(DATASET EXTRACT begins)
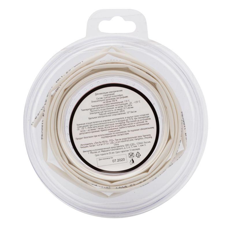 Трубка термоусадочная ТУТ нг 3.0/1.5 бел. ролик 2.44м Rexant 29-0001
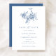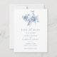 Elegant Floral Vintage Ornament Navy Blue Save the Date Wedding Invitation. Modern Wedding Invitation Template. Victorian Floral Botanical Illustrations. Floral Blue Wedding Save the Date Card
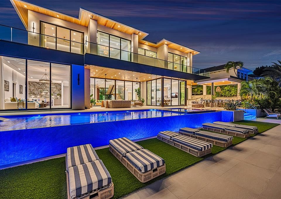A Statement of Modern Luxury, Tranquil, Bespoke, and Thoughtfully Designed for Family Living. New construction architectural triumph by Marcello Penso, worked with Gianni Versace NYC, this exceptional east-facing waterfront estate encompasses over 8,000 total sf with 100ft of waterfrontage and an impressive garage accommodating up to eight cars. Constructed with uncompromising precision using poured-in-place concrete, the residence showcases a stunning Cristallo Quartzite kitchen island, a floating fireplace, level-five knife-edge drywall ceilings, an illuminated wine display, and an elevator servicing all levels, including the garage. Soaring 36ft glass walls dissolve the boundaries between indoors and outdoors, opening to expansive terraces and a breathtaking 51ft infinity-edge pool. Designed for the discerning few who demand nothing less than perfection, this estate delivers resort-style amenities and designer interiors of exceptional sophistication, redefining modern waterfront living at every level.
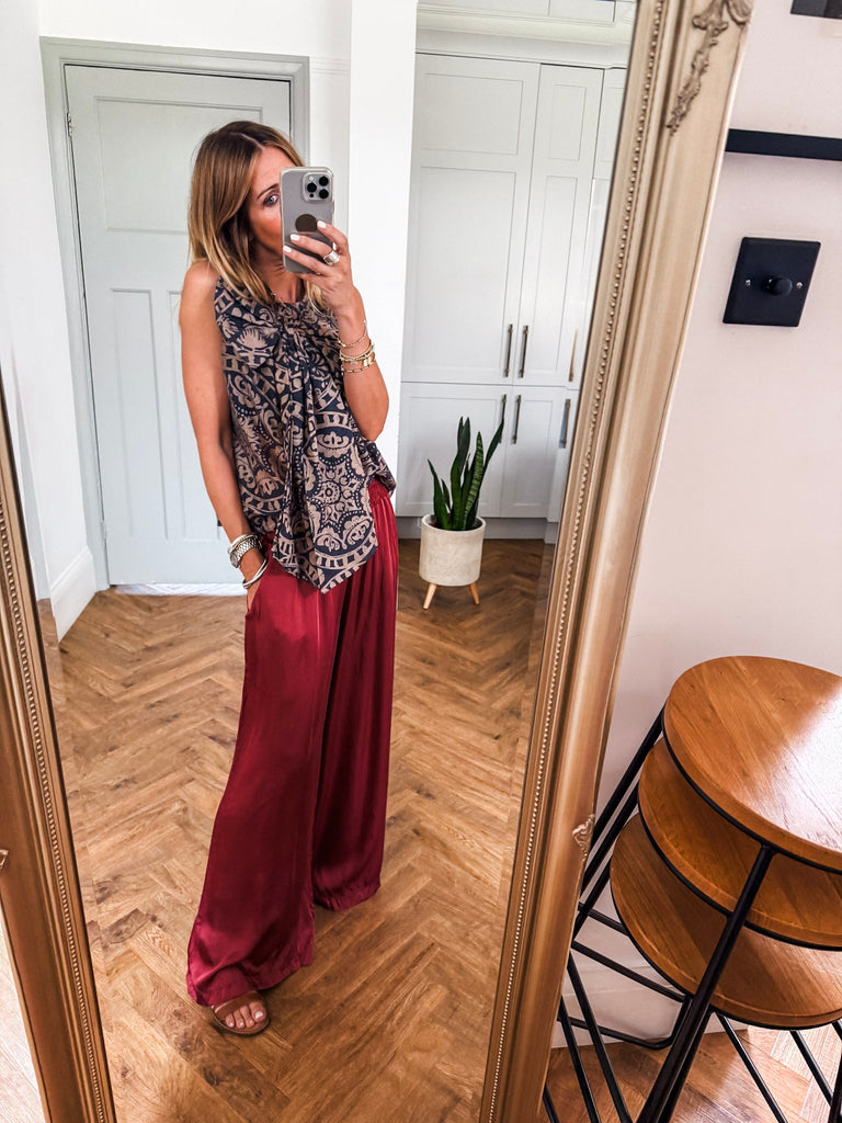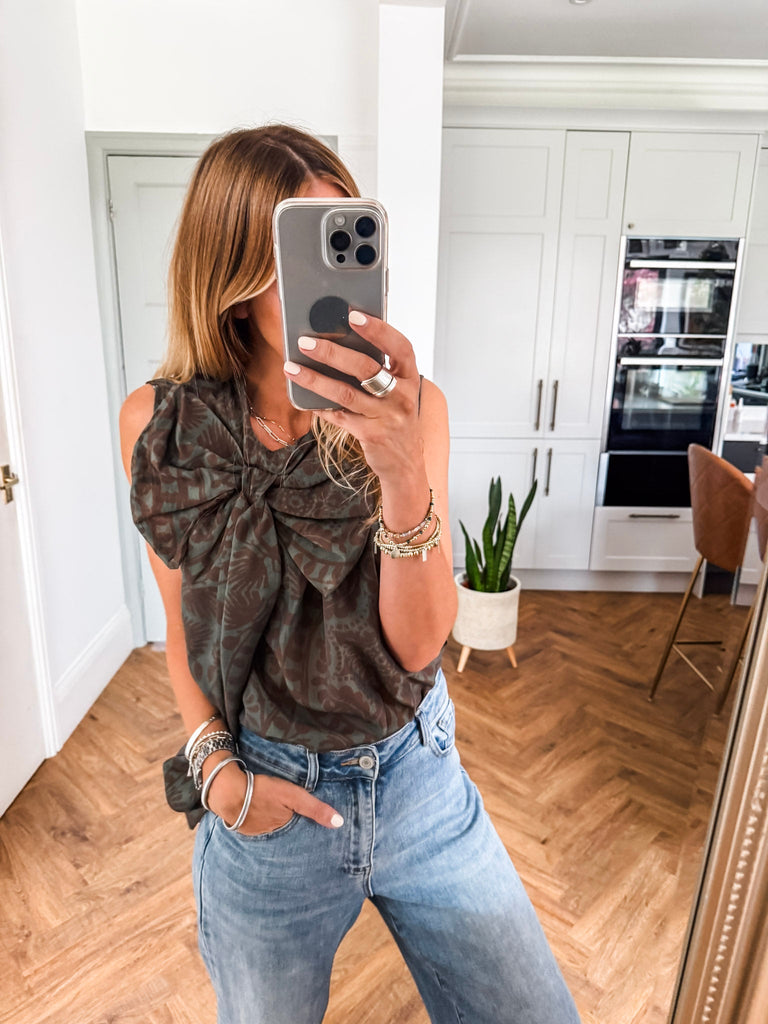 Embrace effortless style with this sleeveless blouse featuring a relaxed A-line silhouette that flatters every figure. Designed with an all-over floral and tribal-inspired print, it brings a touch of bohemian charm to your wardrobe. The high neckline is elegantly finished with a statement bow detail at the front, adding a soft, feminine touch. Crafted from lightweight fabric, this blouse is perfect for warm days or easy layering. Finished with a subtle button closure at the back for a polished look.
(DATASET EXTRACT ends)
* TASK STATEMENT
Output exactly the lines above, from the line with "Elegant Floral Vintage" to the line with "A Statement of", both included; skip the pictures.

* WORKED SOLUTION
 Elegant Floral Vintage Ornament Navy Blue Save the Date Wedding Invitation. Modern Wedding Invitation Template. Victorian Floral Botanical Illustrations. Floral Blue Wedding Save the Date Card
A Statement of Modern Luxury, Tranquil, Bespoke, and Thoughtfully Designed for Family Living. New construction architectural triumph by Marcello Penso, worked with Gianni Versace NYC, this exceptional east-facing waterfront estate encompasses over 8,000 total sf with 100ft of waterfrontage and an impressive garage accommodating up to eight cars. Constructed with uncompromising precision using poured-in-place concrete, the residence showcases a stunning Cristallo Quartzite kitchen island, a floating fireplace, level-five knife-edge drywall ceilings, an illuminated wine display, and an elevator servicing all levels, including the garage. Soaring 36ft glass walls dissolve the boundaries between indoors and outdoors, opening to expansive terraces and a breathtaking 51ft infinity-edge pool. Designed for the discerning few who demand nothing less than perfection, this estate delivers resort-style amenities and designer interiors of exceptional sophistication, redefining modern waterfront living at every level.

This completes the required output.